There are three subphyla that are described and accepted:
  • The Pezizomycotina are the largest subphylum and contains all ascomycetes that produce ascocarps, except for one genus, Neolecta, in the Taphrinomycotina. It is roughly equivalent to the previous taxon, Euascomycetes. The Pezizomycotina includes most macroscopic "ascos" such as truffles, ergot, ascolichens, cup fungi, pyrenomycetes, lorchels, and caterpillar fungus. It also contains microscopic fungi such as powdery mildews, dermatophytic fungi, and Laboulbeniales.
  • The Saccharomycotina comprise most of the "true" yeasts, such as baker's yeast and Candida, which are single-celled fungi, which reproduce vegetatively by budding. Most of these species were previously classified in a taxon called Hemiascomycetes.
  • The Taphrinomycotina include a disparate and basal group within the Ascomycota that was recognized following molecular analyses. The taxon was originally named Archiascomycetes. It includes hyphal fungi, fission yeasts, and the mammalian lung parasite Pneumocystis.

    Outdated taxon names

Several outdated taxon names—based on morphological features—are still occasionally used for species of the Ascomycota. These include the following sexual groups, defined by the structures of their sexual fruiting bodies: the Discomycetes, which included all species forming apothecia; the Pyrenomycetes, which included all sac fungi that formed perithecia or pseudothecia, or any structure resembling these morphological structures; and the Plectomycetes, which included those species that form cleistothecia.
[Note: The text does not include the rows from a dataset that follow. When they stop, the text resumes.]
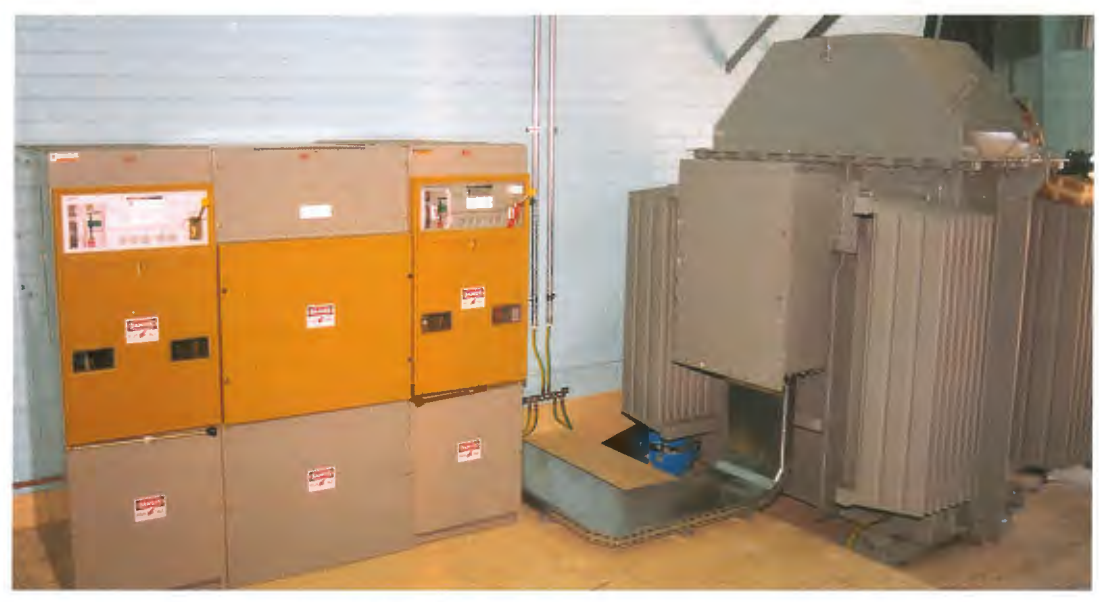
11kV switchgear and 11kV/400V step-down transformer.

A video colour display module is incorporated in the transmitter control panel which indicates the transmitter status. Alarm messages appear as part of the display. Alarm events are logged in the controller memory and can be scrolled through for maintenance purposes. In the event of a fault, plain language messages are displayed in conjunction with faults to assist in fault resolution.
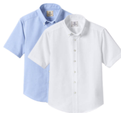
School Uniform Boys Short Sleeve Oxford Dress Shirt
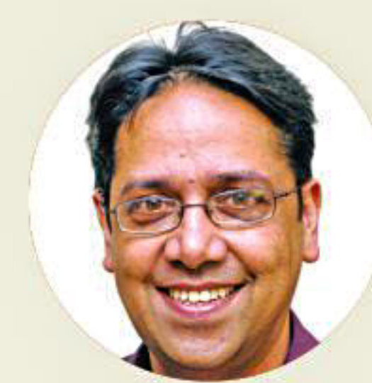
AKHILESH UPADHYAY EDITOR-IN-CHIEF, THE KATHMANDU POST (NEPAL)

I have followed the rise of The Daily Star over the past 25 years, and am convinced the paper has effectively upheld its core values of democracy, free press and development in Bangladesh.
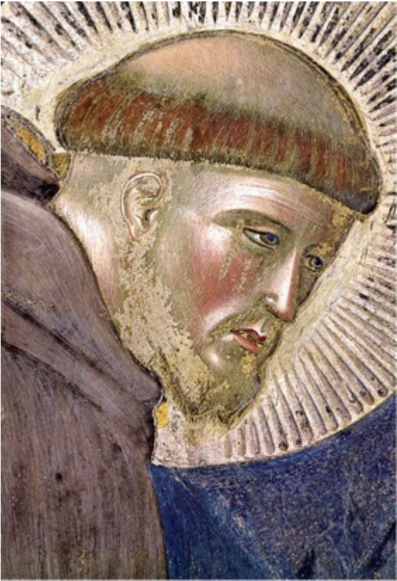
Francis of Assisi

Just as the breach was opened by a Francis, so will the breach be closed by a Francis. But why a Jesuit as Pontiff? In the Catholic Church, Jesuits are the equivalent of the Melchizedek Order in the Local Universe. Jesuits are the teachers and emergency workers entrusted with teaching and defending the faith. He is the right man for the job.
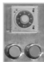
AS001 Programmable Pulse Steam

Hemiascomycetes included the yeasts and yeast-like fungi that have now been placed into the Saccharomycotina or Taphrinomycotina, while the Euascomycetes included the remaining species of the Ascomycota, which are now in the Pezizomycotina, and the Neolecta, which are in the Taphrinomycotina.
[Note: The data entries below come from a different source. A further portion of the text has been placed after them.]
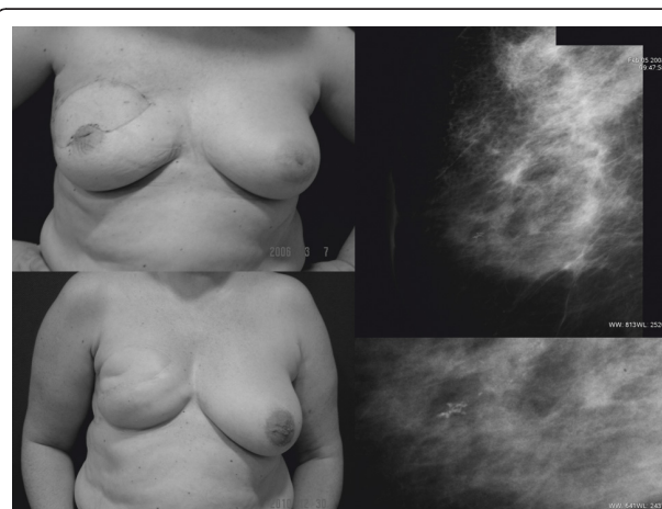
Figure 1 Appearance of the patient who suffered from an ipsilateral breast cancer recurrence, she underwent a skin-sparing mastectomy and immediate breast reconstruction with an adjustable breast implant. She did not want undergo a reduction mammoplasty for simmetrization. Mammography showed a small group of microcalcifications; the core biopsy confirmed an in situ ductal carcinoma.

We were able to interview and evaluate 23 patients cosmetically, the reasons for this being: three patients died, one had an ipsilateral recurrence and was mastectomized, three had a distant recurrence and were in a bad state, one was diagnosed and treated for contralateral breast cancer and one had a surgical procedure on the affected breast, while the rest refused to participate
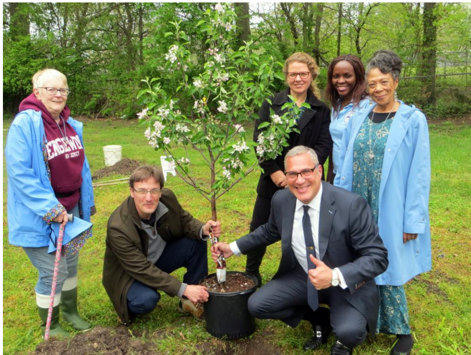
Tree planting on Arbor Day at the community garden
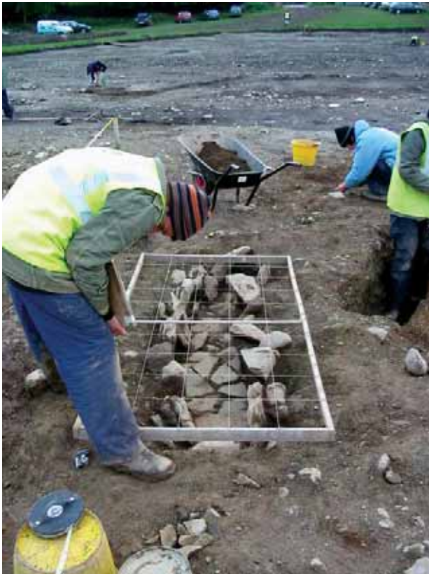
Illus. 15—Early medieval grave at Balriggan under excavation (Niall Roycroft)

similar to an internal door at Newtownbalregan. In the gallery of Souterrain 1 a broken Souterrain Ware vessel was recovered, probably acting as a lamp, and in the backfill of the joint entrance chamber a copper-alloy pin of around 11th-century date was found.

Some ascomycetes do not reproduce sexually or are not known to produce asci and are therefore anamorphic species. Those anamorphs that produce conidia were previously described as mitosporic Ascomycota. Some taxonomists placed this group into a separate artificial phylum, the Deuteromycota. Where recent molecular analyses have identified close relationships with ascus-bearing taxa, anamorphic species have been grouped into the Ascomycota, despite the absence of the defining ascus. Sexual and asexual isolates of the same species commonly carry different binomial species names, as, for example, Aspergillus nidulans and Emericella nidulans, for asexual and sexual isolates, respectively, of the same species.
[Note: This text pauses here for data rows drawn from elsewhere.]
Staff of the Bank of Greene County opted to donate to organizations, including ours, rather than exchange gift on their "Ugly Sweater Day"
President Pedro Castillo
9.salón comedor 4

Species of the Deuteromycota were classified as Coelomycetes if they produced their conidia in minute flask- or saucer-shaped conidiomata, known technically as pycnidia and acervuli. The Hyphomycetes were those species where the conidiophores are free or loosely organized. They are mostly isolated but sometimes also appear as bundles of cells aligned in parallel or as cushion-shaped masses.